» PROMPT:
Write out only the lines from the top of the listing below through the one with "Calendario Campeonato de", exactly as they stand, while keeping pictures out of the copy.

» MATERIAL PROVIDED:
┌────────
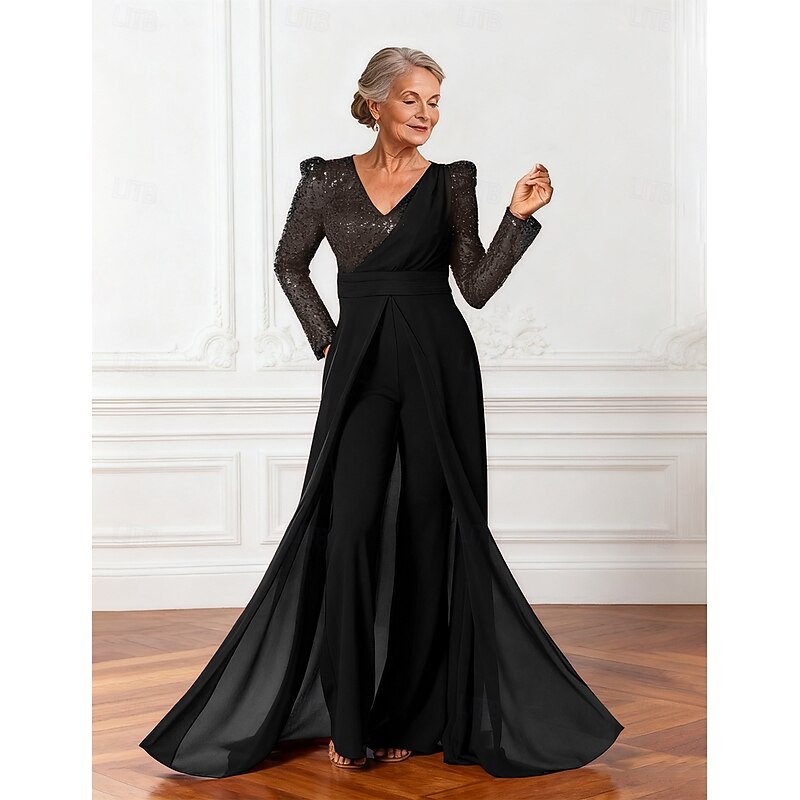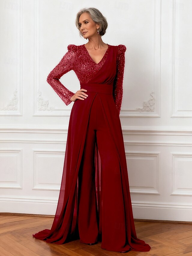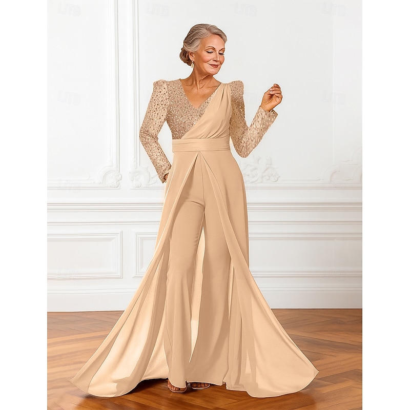 More information about Jumpsuits Mother of the Bride Dress Elegant Sparkle & Shine V Neck Floor Length Chiffon Long Sleeve with Sash / Ribbon Sequin
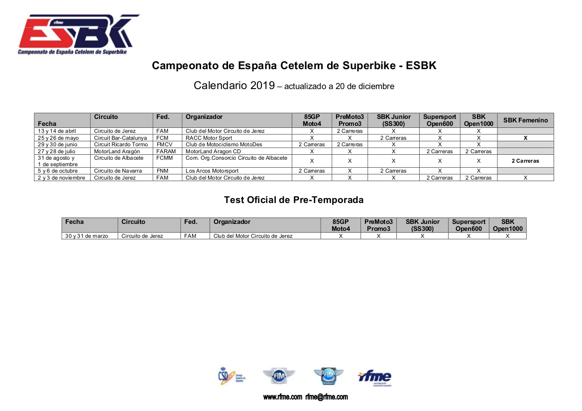 Calendario Campeonato de España Cetelem de Superbike 2019.
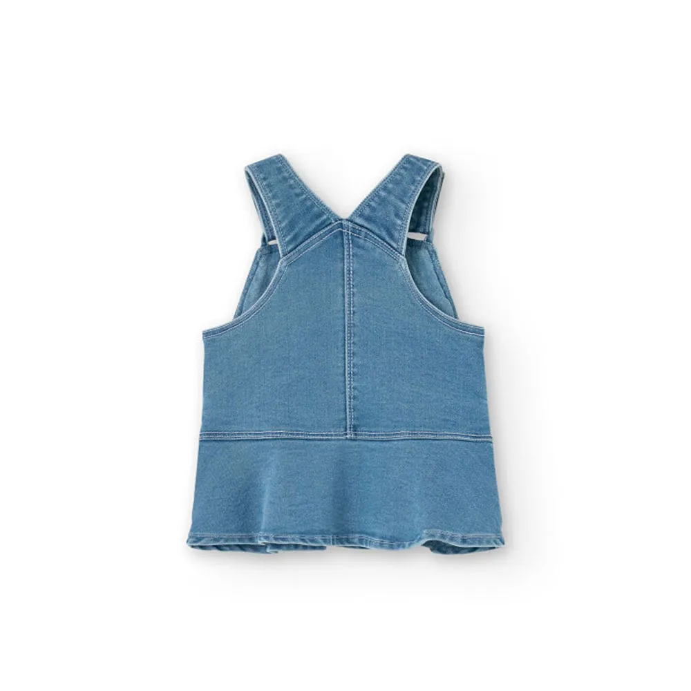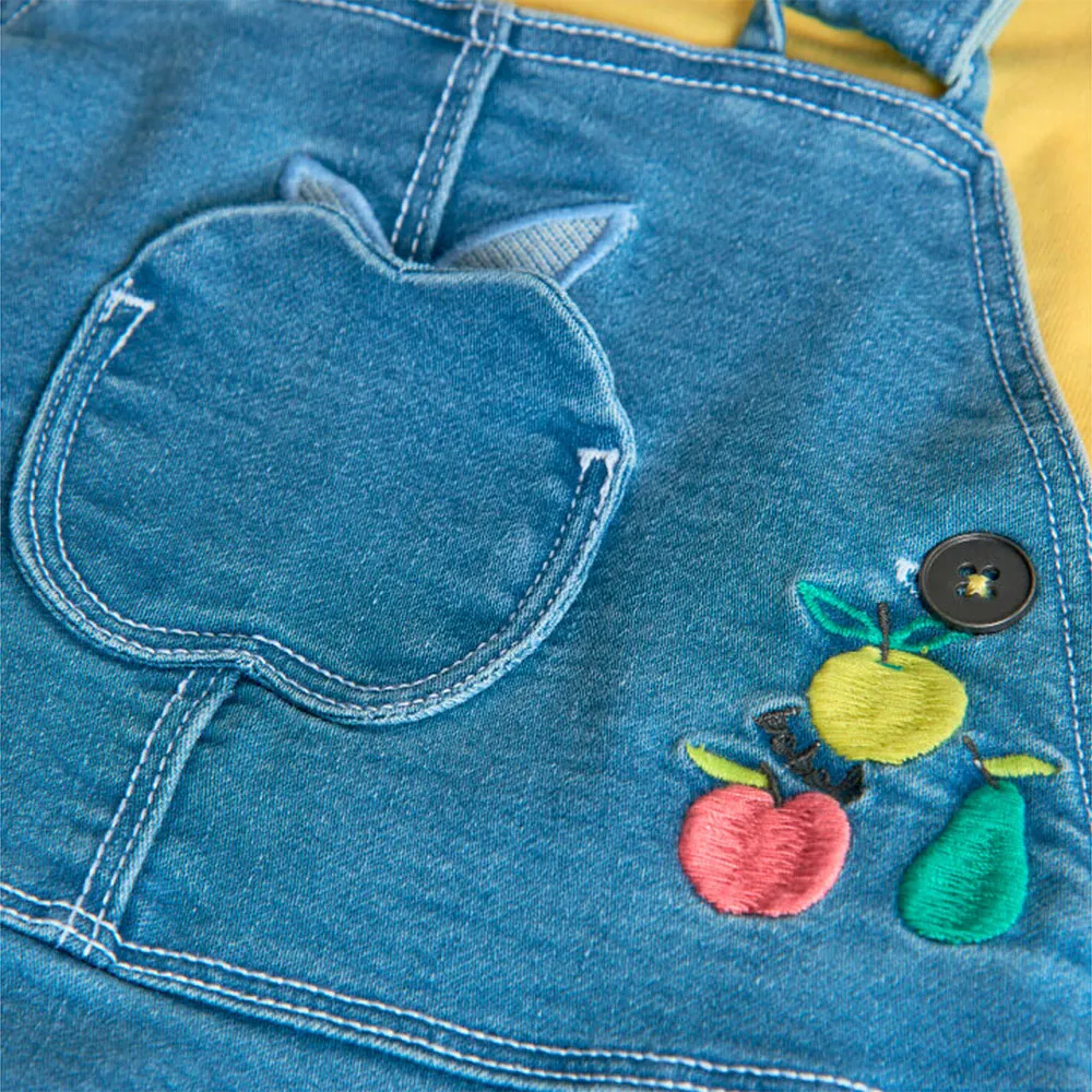 Die Latzhose besteht aus marineblauem Strickstoff, hat Träger und eine apfelförmige Stickerei sowie weitere kleine Fruchtzeichnungen.
└────────
» SOLVED EXERCISE:
 More information about Jumpsuits Mother of the Bride Dress Elegant Sparkle & Shine V Neck Floor Length Chiffon Long Sleeve with Sash / Ribbon Sequin
 Calendario Campeonato de España Cetelem de Superbike 2019.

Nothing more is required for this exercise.